The example of the storage medium of computer includes, but are not limited to phase change memory (PRAM), static random access memory (SRAM), moves
State random access memory (DRAM), other kinds of random access memory (RAM), read-only memory (ROM), electric erasable
Programmable read only memory (EEPROM), flash memory or other memory techniques, read-only disc read only memory (CD-ROM) (CD-ROM),
Digital versatile disc (DVD) or other optical storage, magnetic cassettes, tape magnetic disk storage or other magnetic storage devices
Or any other non-transmission medium, can be used for storage can be accessed by a computing device information.As defined in this article, it calculates
Machine readable medium does not include temporary computer readable media (transitory media), such as the data-signal and carrier wave of modulation.

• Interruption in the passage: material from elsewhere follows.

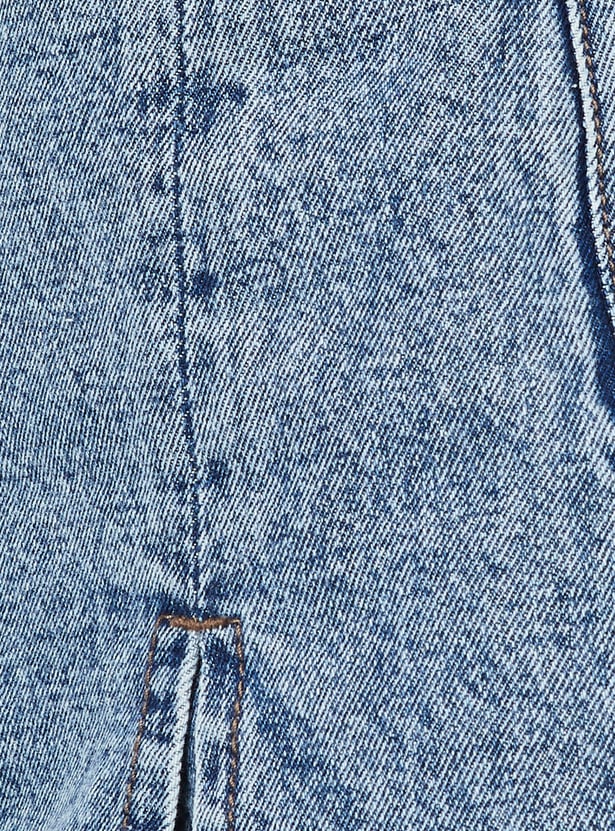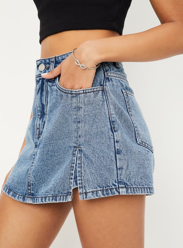These washed denim skorts combine the look of a skirt with the ease of shorts, featuring a button closure and belt loops for a classic denim finish. Perfect for adding a playful twist to your casual wardrobe.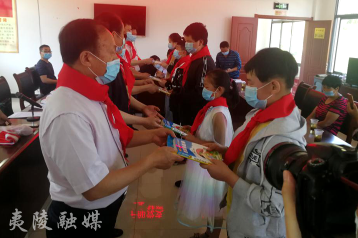 活动中,老干部代表与6名留守儿童互戴红领巾,赠送《雷锋的故事》和垃圾分类等书籍,发放口罩、消毒液等物资,捐献爱心款2400元,为孩子们送上节日的祝福和关爱。

As seen through the above description of the embodiments, those skilled in the art can be understood that this specification
Embodiment can be realized by means of software and necessary general hardware platform.Based on this understanding, this specification is implemented
Substantially the part that contributes to existing technology can be embodied in the form of software products the technical solution of example in other words,
The computer software product can store in storage medium, such as ROM/RAM, magnetic disk, CD, including some instructions are to make
It is each to obtain computer equipment (can be personal computer, server or the network equipment etc.) execution this specification embodiment
Method described in certain parts of a embodiment or embodiment.

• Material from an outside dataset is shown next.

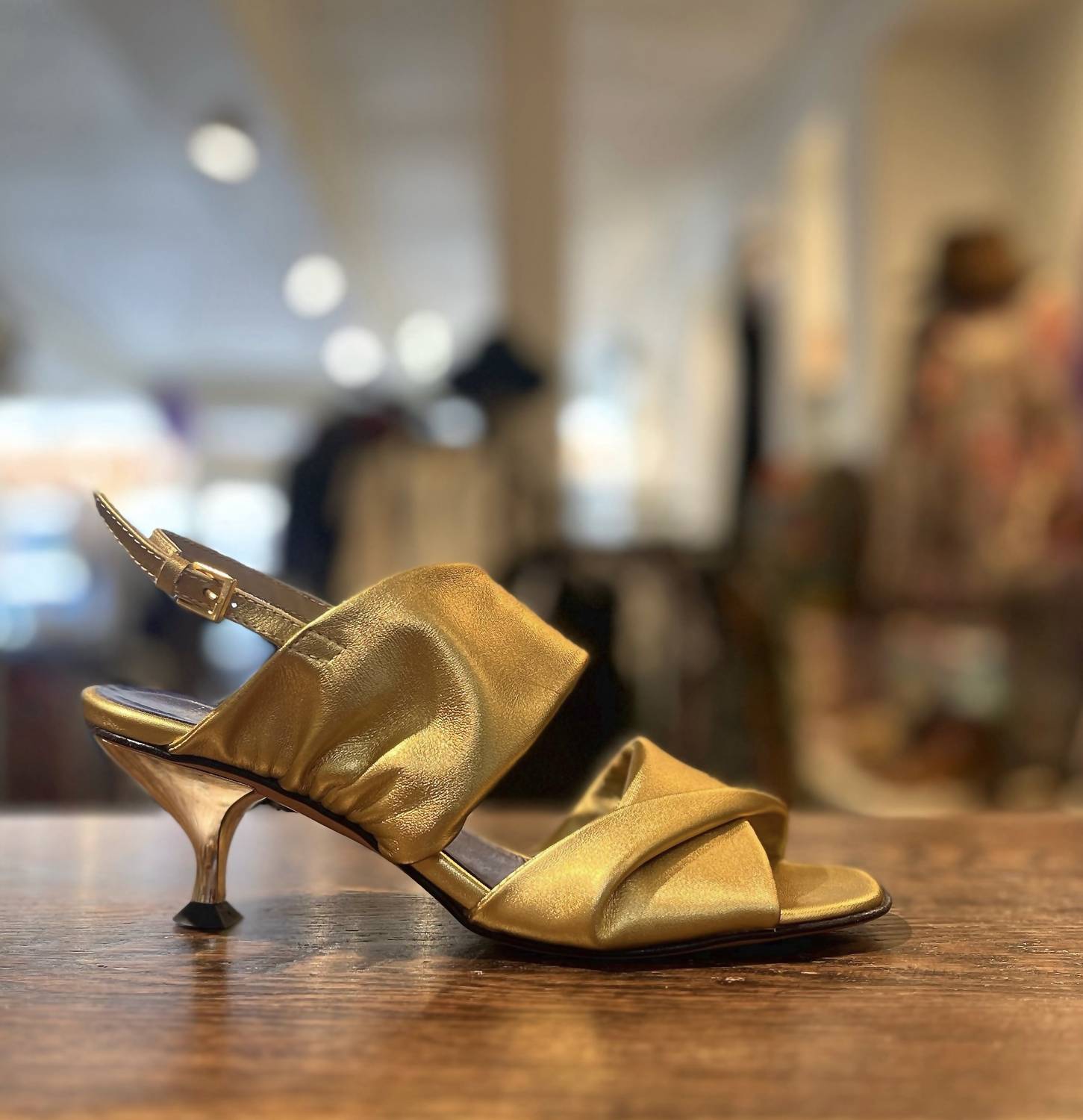 Buckle closure. 2 band straps with twisted detail. Open toe. Made in Italy.

System, method, module or the unit that above-described embodiment illustrates can specifically realize by computer chip or entity,
Or it is realized by the product with certain function.A kind of typically to realize that equipment is computer, the concrete form of computer can
To be personal computer, laptop computer, cellular phone, camera phone, smart phone, personal digital assistant, media play
In device, navigation equipment, E-mail receiver/send equipment, game console, tablet computer, wearable device or these equipment
The combination of any several equipment.

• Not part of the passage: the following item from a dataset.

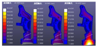 圖14 轉(zhuǎn)向節(jié)擠壓鑄造件數(shù)值模擬結(jié)果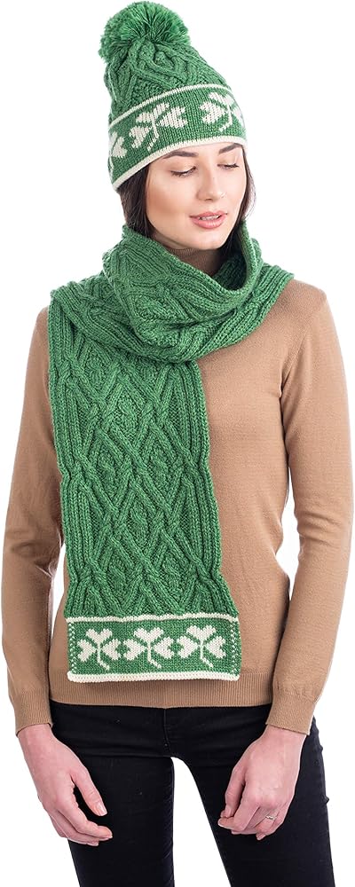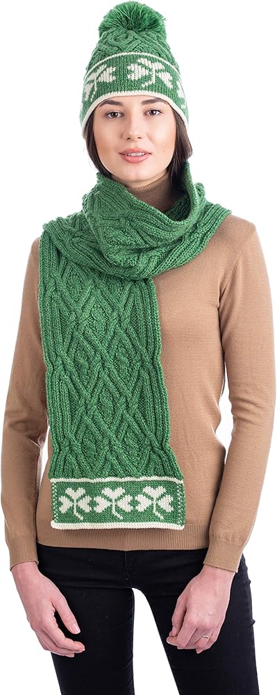 This gorgeous and chunky scarf from SAOL knitwear is the perfect St. Patrick's Day accessory. Knit from 100% Merino wool, the Traditional Irish Shamrock Aran Wool Scarf is luxurious, warm, and super soft to the touch. Featuring a motif of cable and diamond patterns found on traditional Irish fishermen's sweaters and thought to represent the promise of a good catch, this scarf draws on a long history of Irish pride. Topping off the scarf are three shamrocks knit into either end. The shamrock is the plant most associated with Ireland and St. Patrick himself, symbolizing the conversion of the island by St. Patrick to Catholicism when he is said to have used the three leaves as a metaphor for the holy trinity. Available in classic white and navy (with green shamrocks) and Kelly green with contrasting white shamrocks. Shop the entire look with the Shamrock Aran Wool Hat.

All the embodiments in this specification are described in a progressive manner, same and similar portion between each embodiment
Dividing may refer to each other, and each embodiment focuses on the differences from other embodiments.Especially for method reality
For applying example, since it is substantially similar to the method embodiment, so describing fairly simple, related place is referring to embodiment of the method
Part explanation.Embodiment of the method described above is only schematical, wherein described be used as separate part description
Module may or may not be physically separated, can be each module when implementing this specification example scheme
Function realize in the same or multiple software and or hardware.Can also select according to the actual needs part therein or
Person's whole module achieves the purpose of the solution of this embodiment.Those of ordinary skill in the art are not the case where making the creative labor
Under, it can it understands and implements.
The above is only the specific embodiment of this specification embodiment, it is noted that for the general of the art
For logical technical staff, under the premise of not departing from this specification embodiment principle, several improvements and modifications can also be made, this
A little improvements and modifications also should be regarded as the protection scope of this specification embodiment.